На сей раз Сашенька прячет крестик во рту и не отвечает на испуганный лепет Анны. Наверняка опасаясь, что он вдруг ни с того, ни с сего расхохочется, и истина явится на свет божий, Златица берет (почти грубо) тетку под руку и ведет ее наверх, в квартиру. Вслед женщинам скрипят зашатавшиеся дверные решетки. Саша выпускает крестик изо рта, выпучив глаза, словно задерживая дыхание.

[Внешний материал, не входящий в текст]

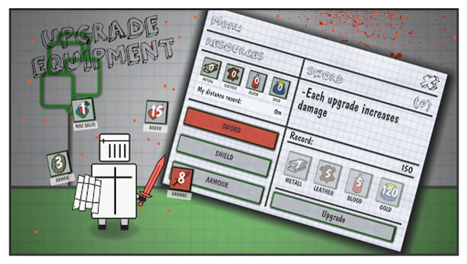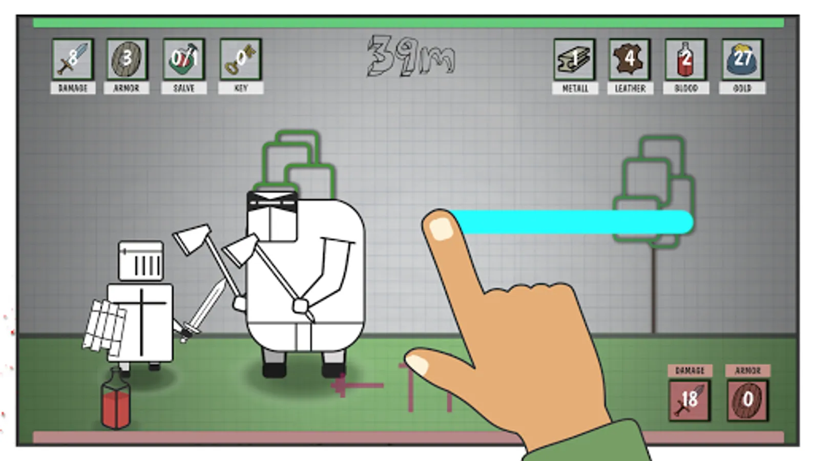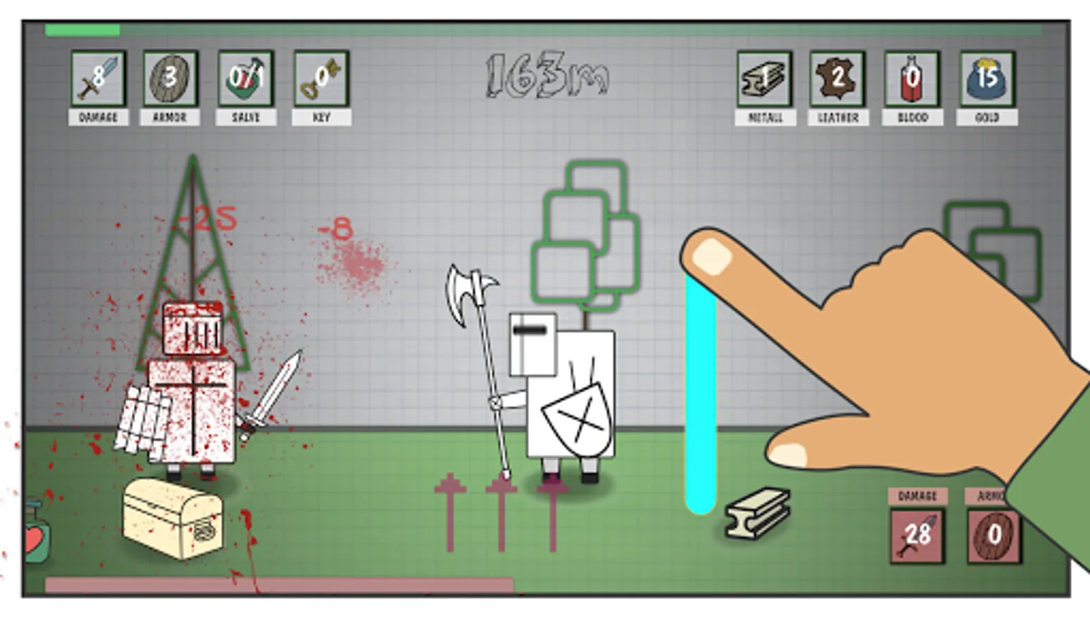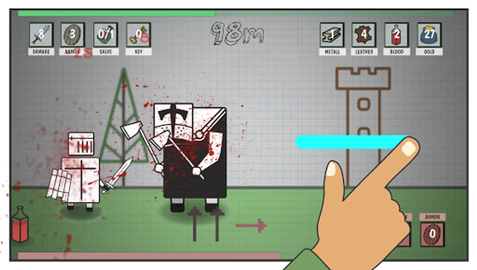 You are a glorious knight running to nowhere. Use all your SWIPing violence to kill enemies, collect resources, upgrade equipment and enjoy cut off limbs of fools you will meet on the way!
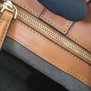 – Suede lining with two flat pockets and one zipped pocket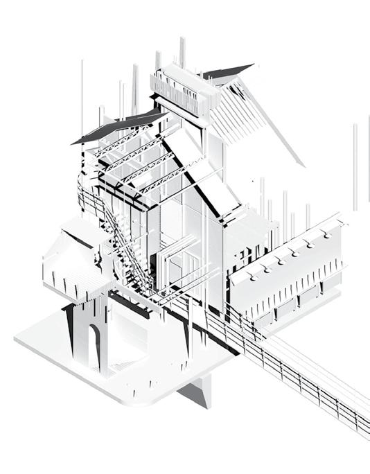 4.2, 4.9 Hannah Lingard, Y3 ‘On Common Ground: Establishing an Urban Commons for the Precariat’. ‘Precariate’ is a portmanteau combining the words precarious and proletariat. It is a term employed in the fields of economics and sociology to describe a new social class comprising people who experience various forms of precarity. This project proposes a programme that focuses on providing a space for this social class, that enables the users to articulate their own identity and establish a form of representation. The programme facilitates the idea of philanthropic endeavour, through welfare and enrichment spaces which the visitor can transition between autonomously.
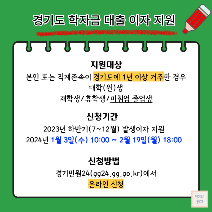 이번 포스팅에서는 경기도 학자금대출 이자 지원 사업의 신청기간 및 신청방법에 대해 알아보겠습니다.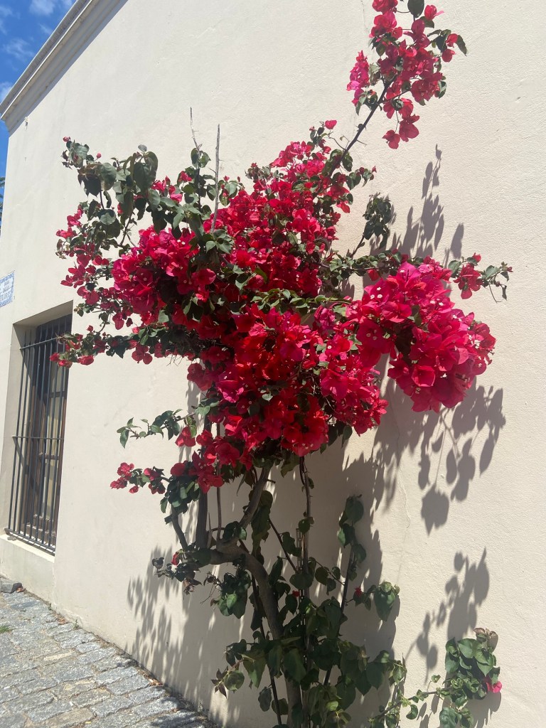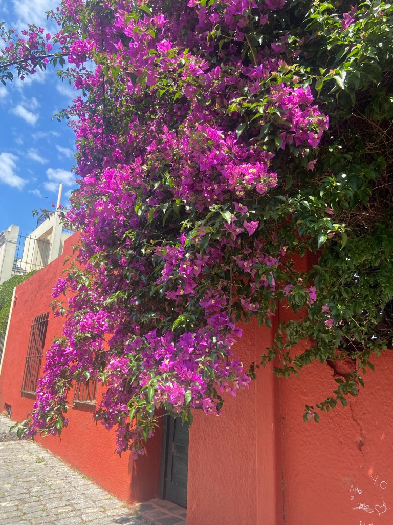 Überall an den Häusern wachsen farbenfrohe Pflanzen empor.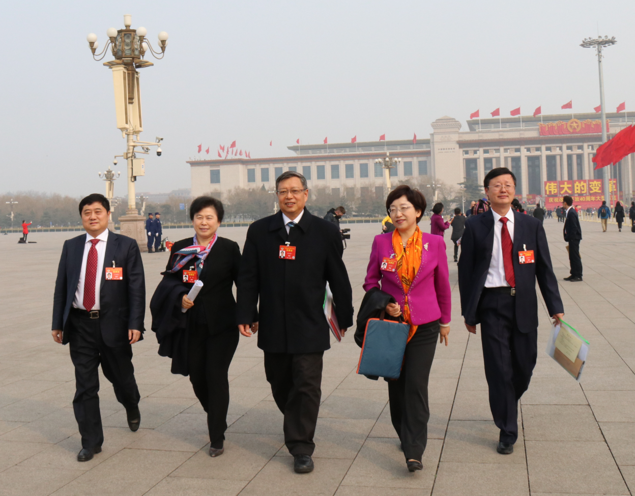 3月3日下午,全國政協十三屆二次會議在京開幕,全國政協醫藥衛生界委員步入人民大會堂。圖為全國政協委員孫咸澤(中)、岳秉飛(右一)、肖新月(右二)、李萍(左二)、于圣臣(左一)。(中國食品藥品網記者陸悅 攝)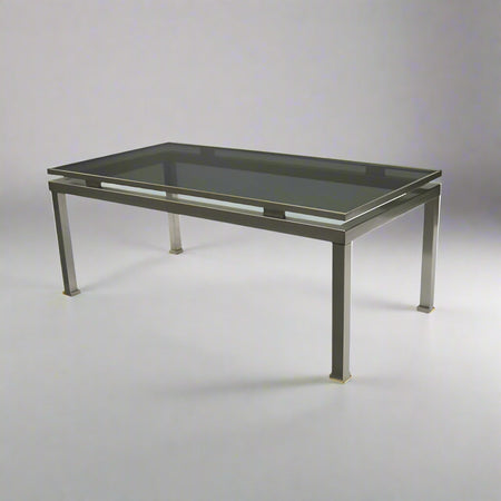 A Modernist cocktail table with glass top. Brushed nickel with smoked glass top.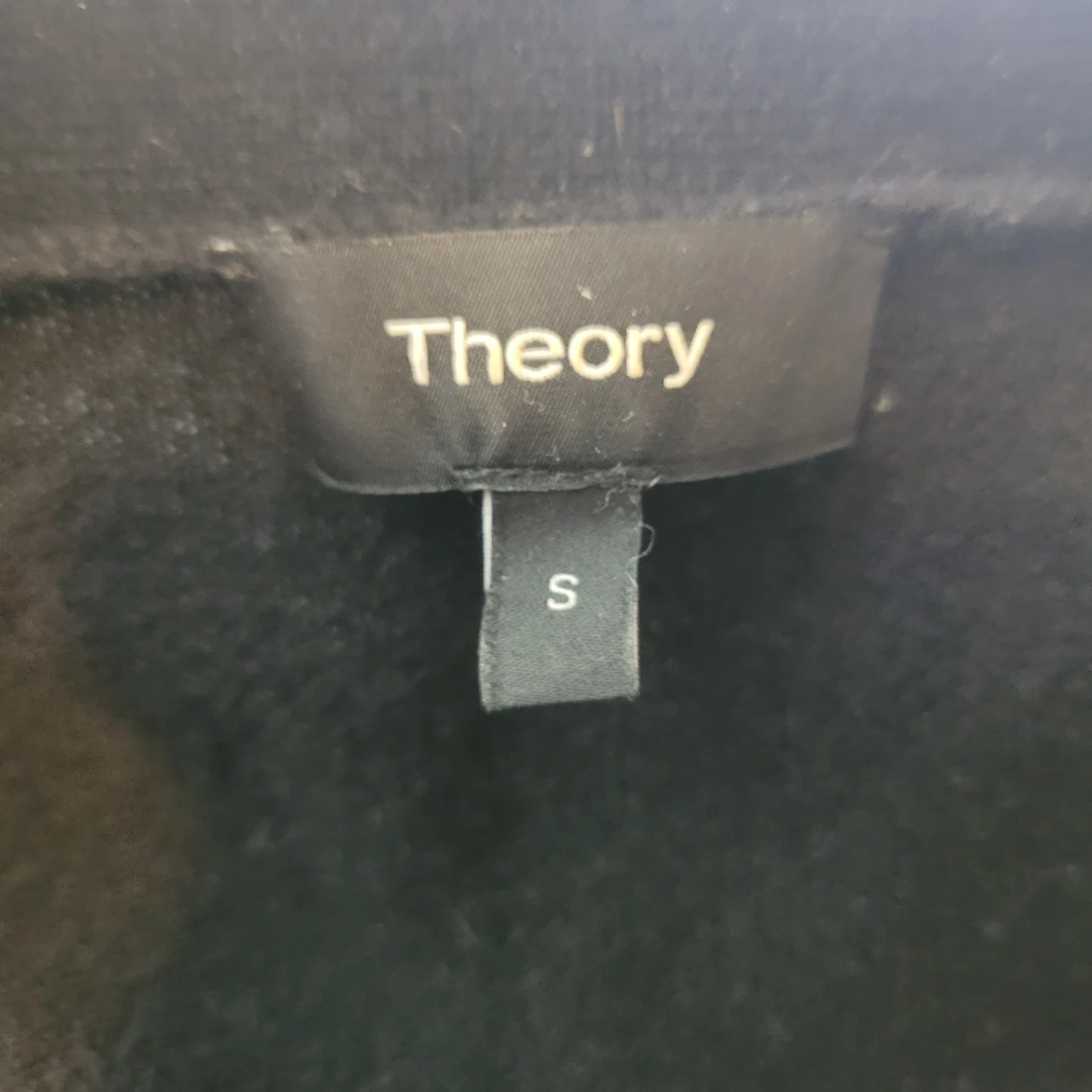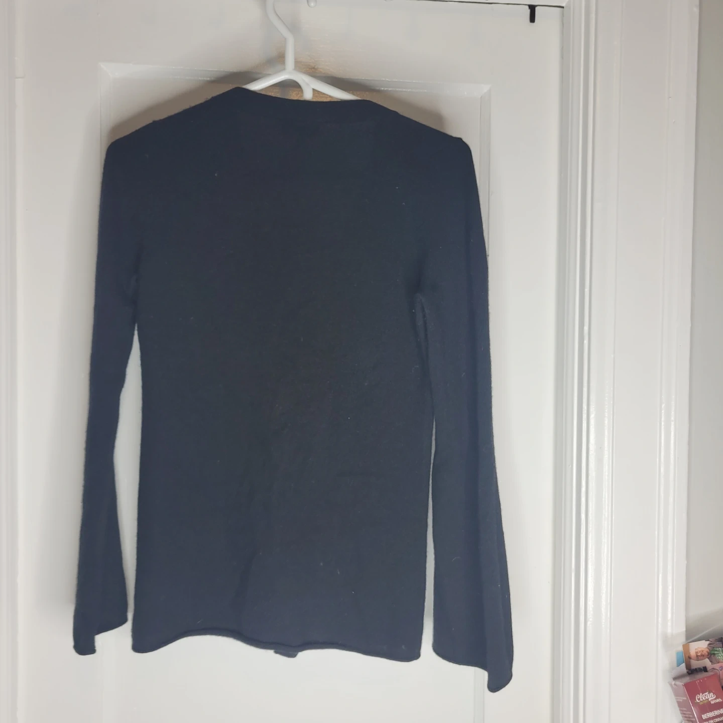 A Theory black cardigan made from 100% cashmere. It features bell sleeves and a button-up front. Size is small. Made in China. Dry clean only. Some pilling under arms.

Нет, далек он от мормонов. Скорее, каким-то кружным путем он пришел к конфуцианскому равнодушию к Богу и к жизни после смерти. Я понимаю его, он из тех нетерпеливых, которым бы все сразу, я и сам таким был, когда у меня было то свое сейчас. Впрочем, оставим это. Одна из моих кошек (та, что знает себе цену) блистает на подоконнике и нежно приветствует меня хвостом, как же я ее хорошо научил! Жаль, что нет Рая. Могу поручиться, что моя кисонька его заслужила. Иди к папочке, — зову ее. Она прыгает из окна, бросается в тартар, в мои объятия! Шерстка ее искрится от статического электричества, она такая сексуальная, даже когда на нее никто не смотрит. Искренне сожалею, что она никогда не будет моей.

Не уверен, видна ли она Саше. Во всяком случае, пока он мается с разобранной колыбелькой, я знаю, что ему в голову приходят сцены из взятого напрокат фильма. Одна его особенно захватывает. В похотливом телесном месиве он угадывает себя меж двух женщин, которых узнает не сразу. Зажмуривается, отдается языкам, которые его ласково хлещут. Пройдет немного времени, и он захочет увидеть их лица, поднимая упавшие на глаза пряди волос, поворачивая к свету.

Одна из них, понятное дело, Златица, от которой он даже при желании не может оторваться, их союз скрепляет рвущее на части влечение, я ожидаю, что в итоге оно их и убьет. Понятно, сейчас он хотел бы с той, другой, но стоит ему поднять руку, как кошечка-сфинкс соблазнительно ускользает, смеется издалека. Ему знаком этот смех, он вот-вот вспомнит, откуда, но отгадка в последний момент ускользает, известно, как это бывает. Сашенька больше не может терпеть, хватает соблазнительницу за волосы, не как насильник, но по-мужски, поворачивает ее к себе и, как в мультфильме, где отражение враждебно выламывается из зеркала, оказывается лицом к старческому лицу тетки Анны, отшатывается, трясет головой, словно защищаясь от кошмарного прикосновения, оглядывается, подозревая, что кто-то глумится над ним (только я в своей тени посмеиваюсь), но потом, закрыв глаза, притягивает голову Анны, позволяя слиться их губам.